Conversion functions such as htmlspecialchars() exist not only for boring security reasons! They are also required for robustness. Without the proper output conversion, shell or SQL commands fail when given a legitimate name such as O'Reilly. Bugs like this are easily overlooked, because they trigger only with unusual data. However, these bugs are trivial to find with taint support, because you get the "missing conversion" warning message even when you test the program with ordinary data. This point is worth repeating, so I will repeat it now:
With taint support, you don't need malicious inputs to find out where a PHP script may have opportunities for HTML script injection, shell or SQL code injection, or PHP control hijacking.
To encourage programmers to use the RIGHT conversion function, I have implemented multiple flavors of taint. Each time data enters a PHP application from the web, from database or from elsewhere, it may be "tainted" with zero or more taint flavors, so that the PHP engine can warn the programmer and suggest an appropriate conversion function.

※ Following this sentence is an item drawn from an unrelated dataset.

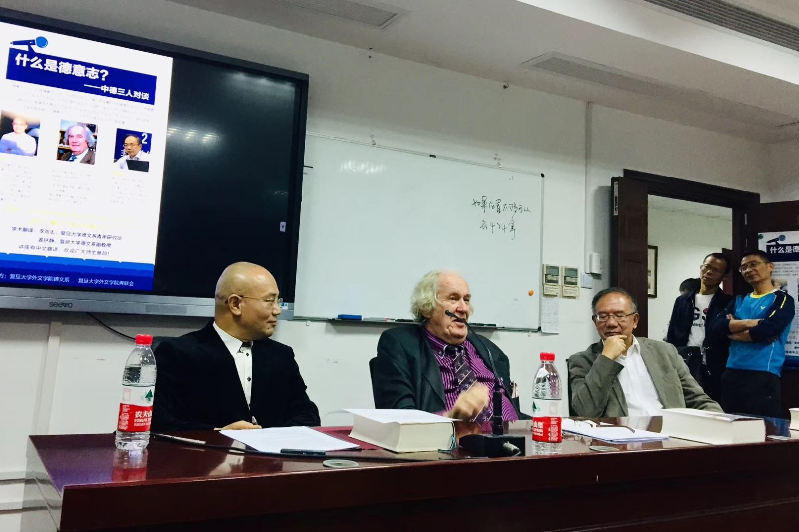 10月18日晚,由外文学院德文系和青联会合办的“‘什么是德意志?’——中德三人对谈”在文科楼510举行。参与对谈的三位德意志文化专家分为德国著名学者Dieter Borchmeyer教授、北京大学德文系主任黄燎宇教授、华体会官方网页版,华体会(中国)德文系主任魏育青教授,对谈内容则围绕Borchmeyer教授同名新作的核心论题,即“什么是德意志?”,从中德双边视角的历史现实两重维度展开,引起了参与师生的强烈兴趣。讲座由华体会官方网页版,华体会(中国)德文系青年研究员李双志老师及副教授姜林静老师共同担任学术翻译,进一步活跃了现场的学术讨论氛围。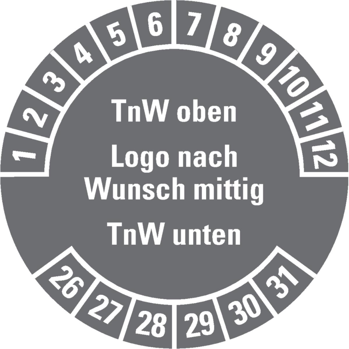 Auswahl: Prüfplakette, Text o., Logo mittig, Text/Monatskranz unten, Dokufolie, Ø30mm, 18/Bogen

In the case of the buggy example program, data is marked as "dangerous for use in HTML" (and other contexts :-) when it is received from the web. The echo() primitive detects the presence of this taint flavor in one of its arguments, issues a warning, and suggests using htmlspecialchars() or htmlentities().
The table below summarizes a number of taint flavors: it shows where a specific flavor may be added to data, where its presence may raise warnings, and how you get rid of the taint flavor. Please ignore the ugly TC_XXX names for now. That's low-level stuff that still needs to be hidden behind a user interface.
Taint flavor When added Where it may raise warnings How to remove TC_HTML Input from web or database HTML output htmlspecialchars(),
htmlentities()TC_SHELL Input from web or database Shell command arguments escapeshellcmd(),
escapeshellarg()TC_MYSQL Input from web or database mysql query parameters mysql_escape_string(),
mysql_real_escape_string()TC_MYSQLI Input from web or database mysqli query parameters mysqli_escape_string() TC_SELF Input from web Parameters to eval(), include() and other operations that affect the PHP application itself untaint($var, TC_SELF)
The fifth flavor, TC_SELF, is different from the other four. Instead of code injection, its purpose is to detect opportunities to hijack control over the PHP application itself. Currently, there is no conversion function that makes all data safe as input for eval(), include() etc. Instead, the application itself is supposed to verify that data is "good" and mark it as such. Until a better user interface exists, this means calling the low-level untaint() function directly.
I have built taint support with the cli, cgi and Apache loadable module SAPIs, and with the mysqli and sql extensions. Other SAPIs and extensions will follow as time permits.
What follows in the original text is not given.